In contrast, the fact that the plaintiff refused an apicoectomy is irrelevant. The success of this treatment measure is by no means certain and is only described by the expert as “perhaps possible”.

If the defendant is therefore at fault for the loss of the tooth, the plaintiff is entitled under § 249 BGB to the restoration of a condition as close as possible to the original, which in the present case can indisputably be achieved by an implant. The extent to which this claim is modified by the fact that the plaintiff visited the defendant as a patient with health insurance is not apparent and cannot be inferred from the decision of the Higher Regional Court of Düsseldorf in NJW 92, 2365 cited by the defendant.

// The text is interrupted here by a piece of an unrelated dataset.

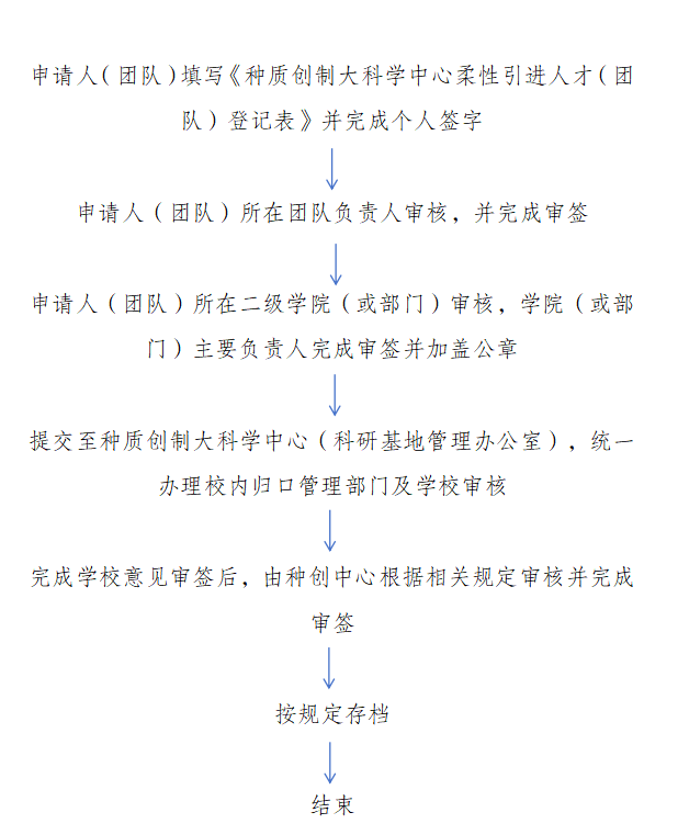 科学中心柔性人才(团队)引进申请流程图

On the other hand, the plaintiff cannot demand compensation for the further own contribution amounts claimed.

As far as the personal contribution for resin fillings is concerned, the plaintiff, contrary to his submission in the pleading of 4. 5. 2001 to the defendant, but wants to argue that he had to spend it on the renewal of the defendant’s work. However, he has not verifiably explained the reason for this, just as it is difficult to understand why the personal contributions to be borne by him for the new treatment are higher than those originally paid to the defendant. However, the plaintiff has indisputably been reimbursed for these, to what extent the costs incurred in the future are therefore to be regarded as “anyway” costs.

The interest claimed is justified on the basis of §§ 284, 288 BGB. The ancillary rulings are based on sections 92, 708 no. 11, 709 ZPO.